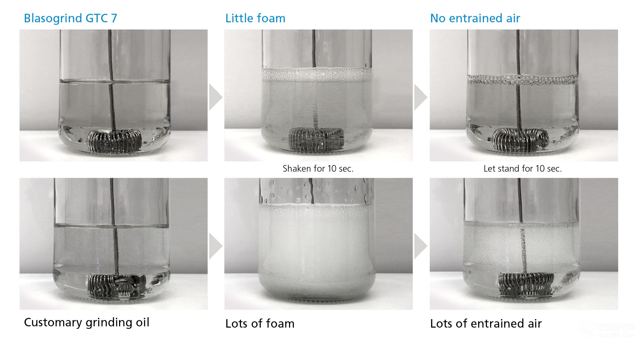 具有高磨削性能的新品Blasogrind GTC 7則是專為工具磨削加工而研發(fā)的。該磨削油的基礎(chǔ)油由天然氣轉(zhuǎn)化得來,精密的配方確保了更高的切屑去除率、更長的使用壽命以及極高的表面質(zhì)量。最重要的是,空氣快速釋放性可確保加工實(shí)現(xiàn)最佳磨削性能,防止刀具產(chǎn)生微裂紋,并且可應(yīng)用于小型冷卻液箱,不會(huì)因產(chǎn)生大量氣泡而停機(jī)。在中國國際機(jī)床展覽會(huì)的巴索展位,參觀者可以現(xiàn)場體驗(yàn)?zāi)ハ饔蛿嚢杵?,并親自見證Blasogrind GTC 7卓越的消泡性能。為了能清晰看到磨削工藝并營造舒適的工作環(huán)境,這款高性能磨削油具有無色無味且透明的特點(diǎn)。
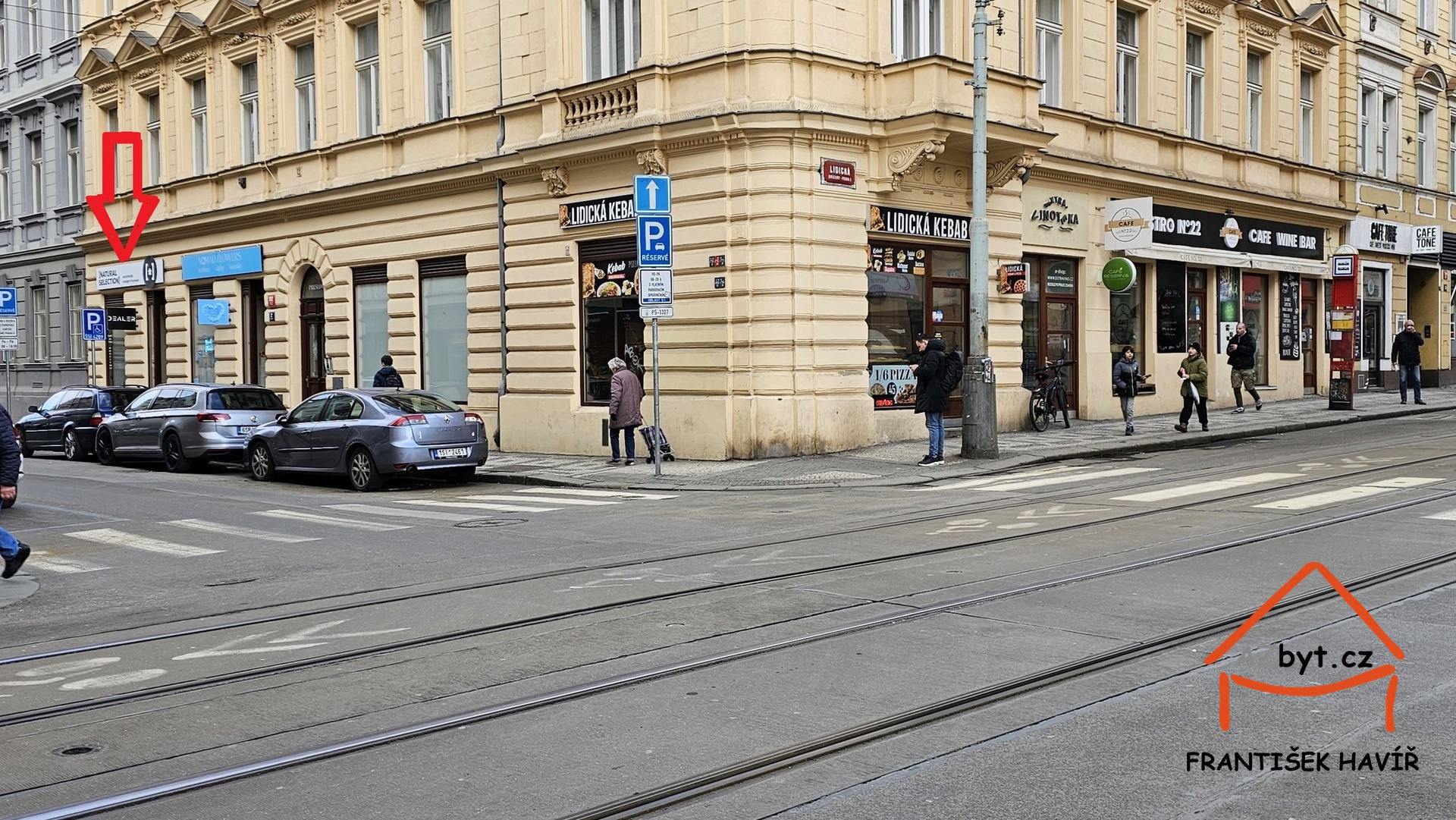 Tramvajová zastávka Zborovská 40 metrů, tři minuty chůze od metra Anděl.
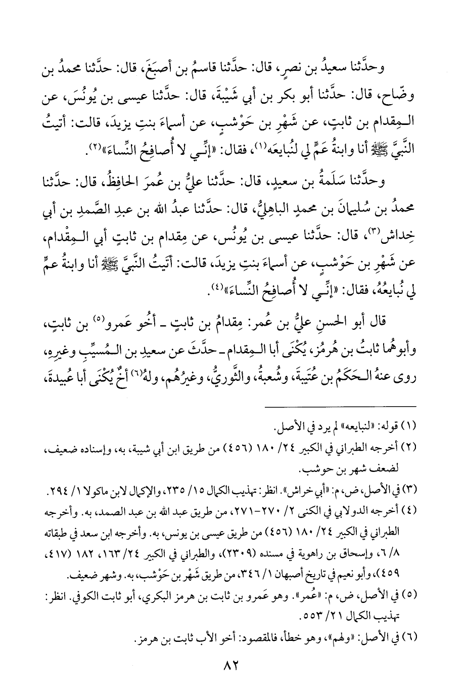 وحدَّثنا سعيدُ بن نصرٍ، قال: حدَّثنا قاسمُ بن أصبَغَ، قال: حدَّثنا محمدُ بن وضّاح، قال: حدَّثنا أبو بكر بن أبي شَيْبةَ، قال: حدَّثنا عيسى بن يُونُسَ، عن المِقدام بن ثابتٍ، عن شَهْرِ بن حَوْشبٍ، عن أسماءَ بنتِ يزيدَ، قالت: أتيتُ النَّبيَّ - صلى الله عليه وسلم - أنا وابنةُ عَمٍّ لي لنُبايعَه (¬١)، فقال: "إنِّي لا أُصافِحُ النِّساءَ" (¬٢).
-*-
Print only the lines from the line that contains "Tramvajová zastávka Zborovská" to the final line of the data, inclusive. Pictures stay out.

 Tramvajová zastávka Zborovská 40 metrů, tři minuty chůze od metra Anděl.
 وحدَّثنا سعيدُ بن نصرٍ، قال: حدَّثنا قاسمُ بن أصبَغَ، قال: حدَّثنا محمدُ بن وضّاح، قال: حدَّثنا أبو بكر بن أبي شَيْبةَ، قال: حدَّثنا عيسى بن يُونُسَ، عن المِقدام بن ثابتٍ، عن شَهْرِ بن حَوْشبٍ، عن أسماءَ بنتِ يزيدَ، قالت: أتيتُ النَّبيَّ - صلى الله عليه وسلم - أنا وابنةُ عَمٍّ لي لنُبايعَه (¬١)، فقال: "إنِّي لا أُصافِحُ النِّساءَ" (¬٢).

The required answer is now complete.